Unionization among charter school teachers has declined over the past decade. In 2009-10, the National Alliance for Public Charter Schools reported that 12% of schools nationwide participated in unions. By 2018-19, the most recent year in the organization’s data, just over 10 percent of schools were union members.

Now the numbers are on the rise. There are currently approximately 7,500 AFT members working in charter schools nationwide. This school year, four new charter schools gained union recognition and more are awaiting election. KIPP of St. Louis was one of the schools that recently won election.

Titilayo Adelusola teaches sixth grade mathematics. She has been at the EMKS for two years: the teachers union campaign has been active the entire time she has been at the school. She hopes EMKS will be next in the growing list of schools that have won mayoral elections.

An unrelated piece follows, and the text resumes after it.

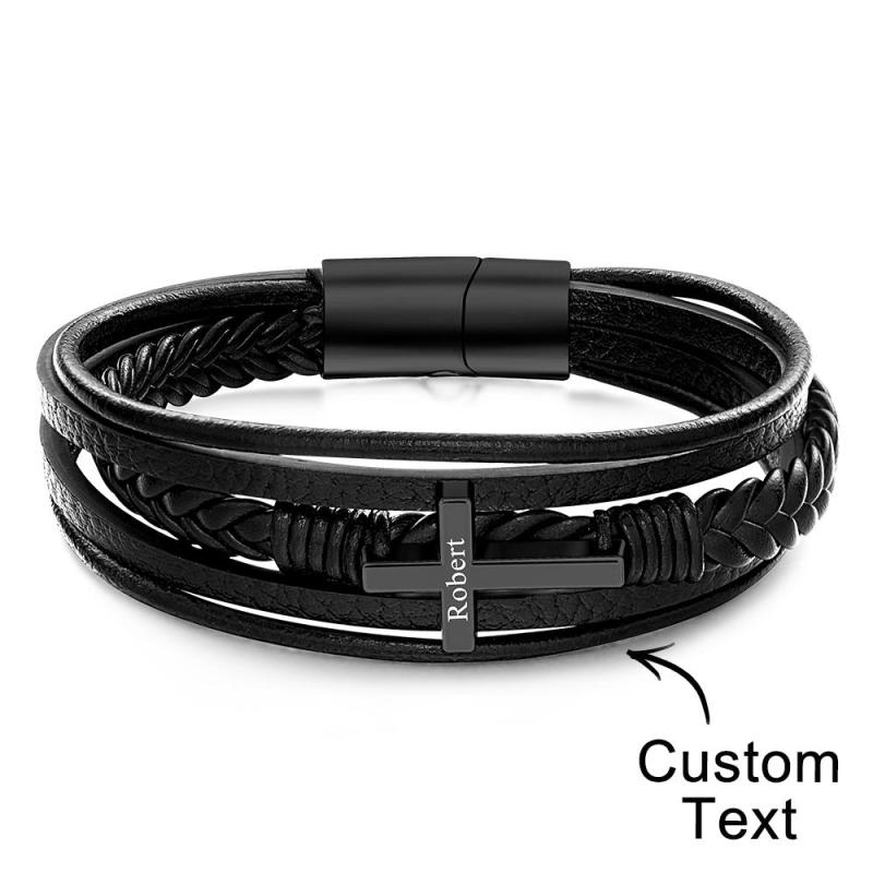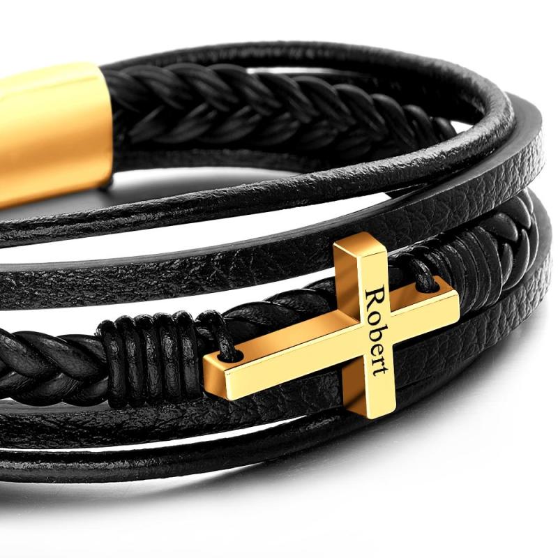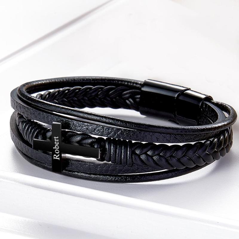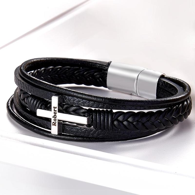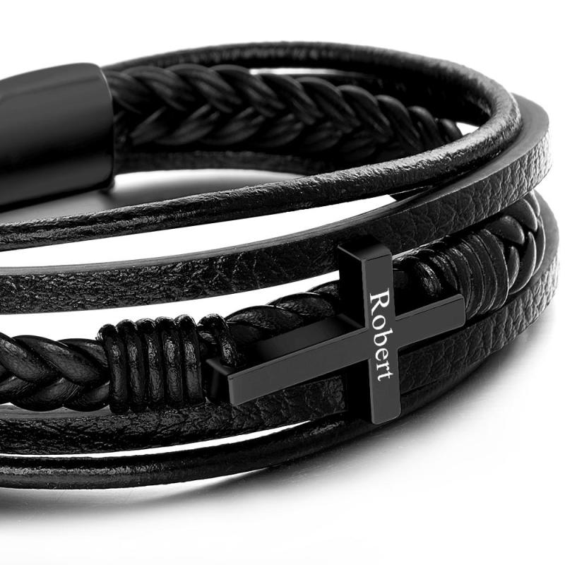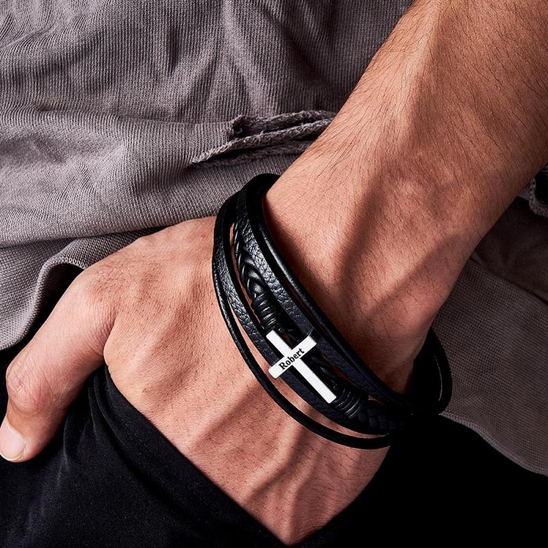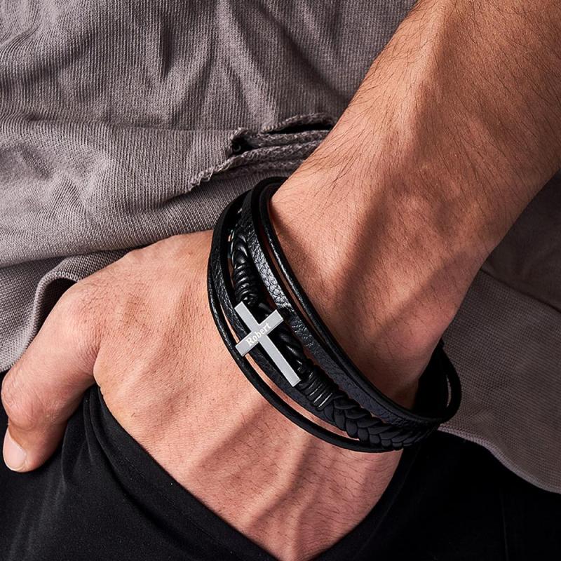 Bracciale da uomo in pelle di ispirazione con croce in acciaio inossidabile realizzato in vera pelle di alta qualità, ha una chiusura magnetica forte e molto facile da usare. Il braccialetto è lungo circa 21 cm, questo braccialetto è un ottimo promemoria per mantenere la calma e confidare in Dio nel mezzo dei tumulti che accadono in questo mondo. Non aver paura: Dio è con noi! Questo semplice braccialetto nero è super facile da indossare! Sta benissimo sia con abiti casual che eleganti, aggiungendo un tocco finale ed elegante per un look rifinito, pulito e moderno. E questo non è solo un modo pratico ma anche bello per portare con sé un pensiero o un'ispirazione. Articolo regalo perfetto! Edizione limitata, prendine uno prima che finiscano!

“This is just a truly wonderful opportunity that we have to effect change in a positive way,” Adelusola said. “Our children deserve to have the support of adults who are also supported, so this is a wonderful way for us to build community with each other and really make that positive change.”

Roberts is confident that EMKS teachers will soon join AFT Local 691. He says he believes that once they are successful, other charter schools in Metro will join as well.

“I think what we’re going to see is a realization among all of the other Metro charter schools, that ‘If they can do it, and they can go against Kauffman’s money and power, then we can do it,'” Roberts said.